Some in this body would have us believe that the Russians are no longer putting money into sophisticated weapons systems. Mr. Speaker, that is just not true.
Mr. Speaker, I would like to submit for the Record an article taken from the FBIS reports, which I scan on a daily basis. This article is taken from Moscow Kommersant-Daily, printed in Russian on July 20 of this year, entitled `START II Treaty Ratification Seen Assured,' and in it the author Aleksandr Koretskiy, goes through the determination that it is in Russia's best interest to ratify START II and, therefore, that will occur.
What is interesting in the article, that we should be aware of, is that the Russians are still developing state-of-the-art military technology.
A number of statements were made in the hearings, these are hearings among the Duma members, each of which, in fact, amounts to a sensation. First, Russia is developing, at the design stage so far, a new submarine missile cruiser. To all appearances, its technological performance will by far eclipse that of the American `Ohio' type subs which form the basis of the U.S. nuclear forces until the year 2020 at a minimum. In other words, Russia plans for more than one day ahead despite the unprecedented cuts in funds for military R&D.
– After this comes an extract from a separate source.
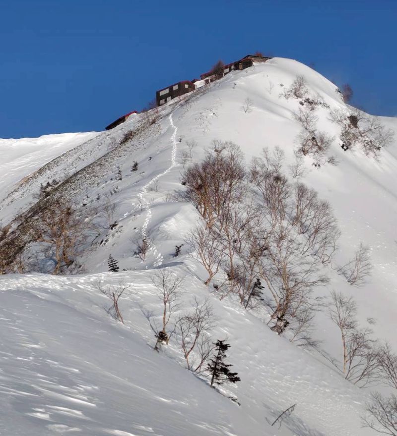 燕山荘は目前で、30分位で着くと思っていた。地上天気図によると函館付近に低気圧が位置しており、その影響で風は強まるばかり。時折、足を止めてやり過ごすほど。雪は二重の逆構造(メルトフリーズクラスト+弱層+メルトフリーズクラスト+弱層)で苦しいラッセルが続く。結果として3時間以上を要した。

Second, a new missile for bombers is being developed which will make it possible to keep them effective also into the start of the next century at small cost. Work is in progress also in other fields.
The point of this article is that Russia, while it has certainly cut back its funds for the military, is still developing state-of-the-art technologies, not just to match what America has, but to give them an edge, an edge that we have to be able to deal with through the turn of the century.
Mr. Speaker, I include the article for the Record:
The deputies' reaction to the reports of military and independent experts and the nature of the questions asked make it possible to claim: the Duma is not only going to ratify START II, but it may also pass a special Russian strategic nuclear forces development program with corresponding funds.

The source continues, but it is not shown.